A nine-year-old Ahwazi Arab boy was reportedly beaten with a thick plastic rod and abused by an Iranian Physical Education teacher at his school for playing football with friends without his football kit on. The blows were so severe that they left bruises and marks on the child’s body.
The teacher, identified as Naeem Zadeh, beat the boy, a sixth-grade pupil in his class in the Shaheed Ayat elementary school in the Shekareh district of Kot Abdullah County near the regional capital Ahwaz, so badly that his parents reported he had nightmares and was too scared to go to school for three days. His parents, who shared the photos of their son’s injuries anonymously on social media, voiced frustration and anger, saying that they had photographed their son’s injuries to show what Ahwazi children endure at school, adding that they fear the regime-controlled local authorities would be more likely to punish their son and them for speaking out than to take action against the abusive teacher.
The boy’s parents said that when their son returned home from school on Sunday, 3 November 2019, shocked and crying, it took some time to soothe him and calm him down before he took his shirt off to show them the welts and bruises on his torso and neck. They said he explained to them that during the PE class the teacher had ordered him to sit at the side of the football pitch, since he had forgotten his shorts and gym kit. He did so, but when the teacher was called away for a phone call in the school office, the boy played with his friends on the pitch. When the teacher returned and saw this, the boy said, he flew into a rage and called the child over, verbally abusing him with racist language and using a thick plastic rod to cane him on both palms before beating him on his back, neck and chest with it. The other children could not intervene to save him since they too would have been beaten for doing so by the teacher.
Many other outraged Ahwazi parents have used social media to urge the boy’s parents to take legal action against the school for what they said amounted to torture of a child. Although some other Ahwazi parents have previously lodged complaints about similar and worse instances of abuse of their children by Iranian teachers at schools in the region, the children and parents are more likely to be chastised than the school personnel, with Ahwazis, like other oppressed peoples in Iran, being effectively relegated to the status of second-class citizens due to their non-Persian ethnicity.
Many Ahwazi schoolchildren drop out of school early due to verbal and physical abuse by teachers over their Arab origin, with teachers routinely punishing children for speaking their native Arabic tongue rather than Farsi, the official Iranian language, even though Ahwaz is a predominantly Arab region and was once an autonomous Arab emirate before being annexed by Shah Reza Pahlavi in 1925.

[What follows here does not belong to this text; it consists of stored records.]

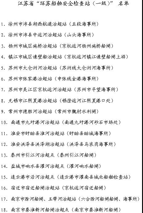 江蘇省將在省際相鄰水域、京杭運河沿線和通江口門等處建立18個“江蘇省環(huán)蘇船舶安全檢查站(一級)”作為“治超站”(名單附后),對過往船舶實施現(xiàn)場檢查。對外省擬進(jìn)入我省內(nèi)河水域的超載超限船舶,各檢查站點要采取勸返、驅(qū)離的方式,禁止此類船舶進(jìn)入我省內(nèi)河水域。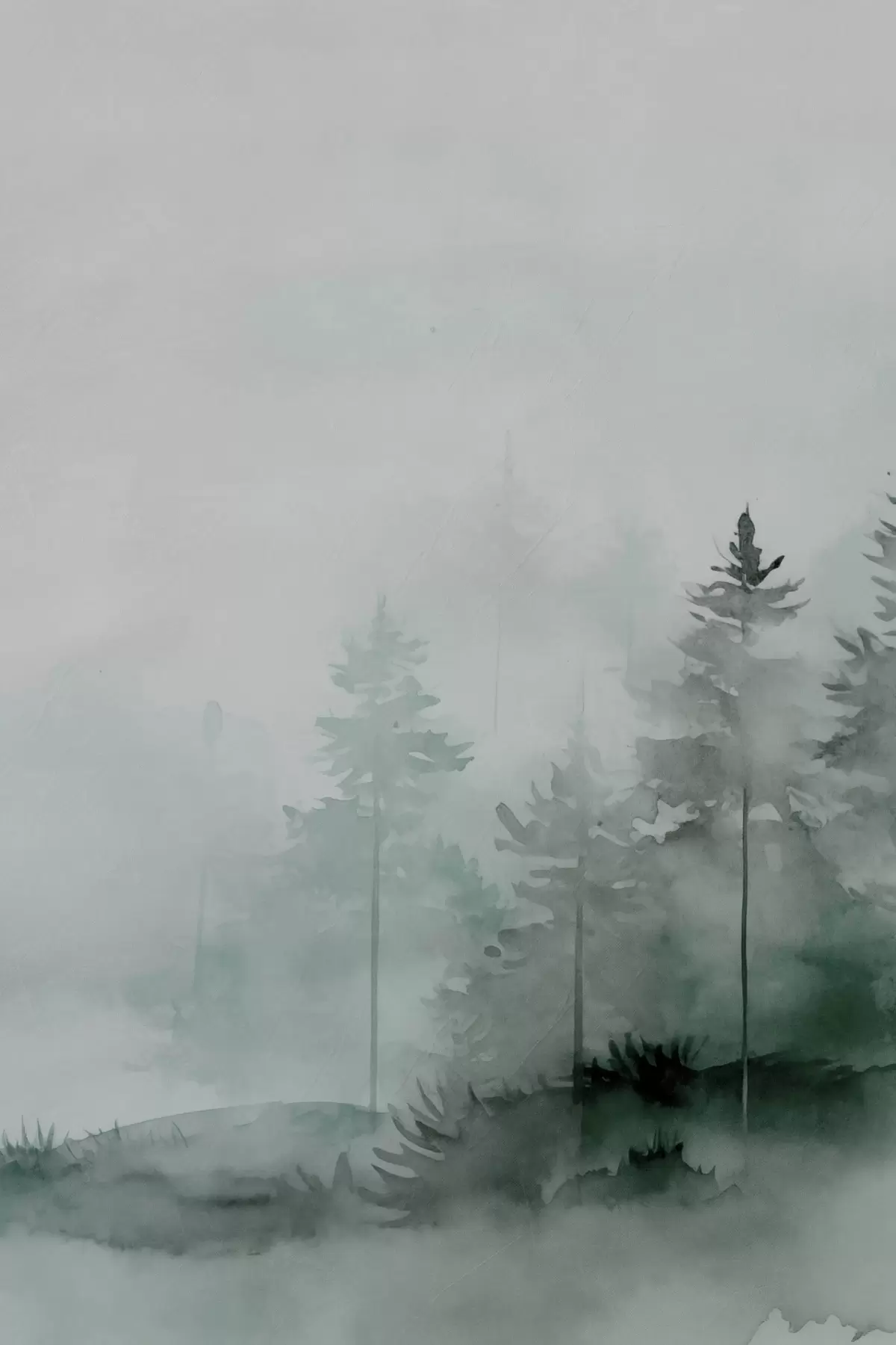 Maalid Metsas kasvavad kuused, akvarellimitatsioon Nr s47998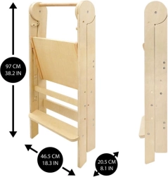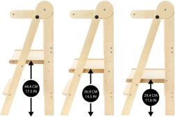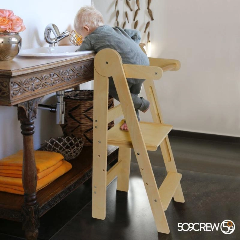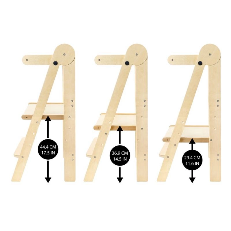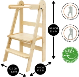 Apgalvintas dizainas leidžia vaikams saugiai ir savarankiškai užlipti dėka 16 cm aukščio laiptelio. Bokštelė yra sulankstoma, ją lengva pernešti iš virtuvės į vonią, o laikant užima minimaliai vietos. Ištestuota mediena neturi formaldehido, tad galite būti tikri dėl sveikatai nekenksmingos medžiagos.

This anti-Arab behaviour towards Ahwazis is standard in every area of life, with Ahwazis also forbidden from wearing their traditional Arab garb in the workplace, being educated in or teaching Arabic. Many activists have been imprisoned and even executed on fabricated charges of ‘enmity to God’ for merely teaching the history of Ahwaz, writing poetry or playing traditional Ahwazi music.
The increasing enmity between Iran’s regime and Arab states in recent years has also intensified the anti-Arab racism in Iranian media towards the Ahwazis, with flagrantly racist and degrading video games like ‘Beat an Arab’ being approved by the communications ministry and gaining popularity.
Speaking about this latest case, Karim Dohimi, an Ahwazi former teacher now based in London said, “What happened on 3 November 2019 in Kut Abdullah in Ahwaz after an Arab student was beaten and tortured indicates that the teacher clearly has psychological disorders and should not have been appointed by the Ministry of Education, or that he is racist and bears venomous sentiments towards the Ahwazis. Such behaviour is, unfortunately, commonplace in the Arab cities since the Iranian regime has deliberately recruited racist teachers in its schools for decades in its efforts to eradicate Ahwazi culture. There is another dangerous factor is that schools in Arab cities have become the hotspot for exiled ethnically Persian teachers who are transferred to Ahwaz from their cities in Iran due to substance addiction, corruption or other issues and because they are exiled they have no motivation to be committed to teaching, and release their anger on the poor Ahwazi students. ”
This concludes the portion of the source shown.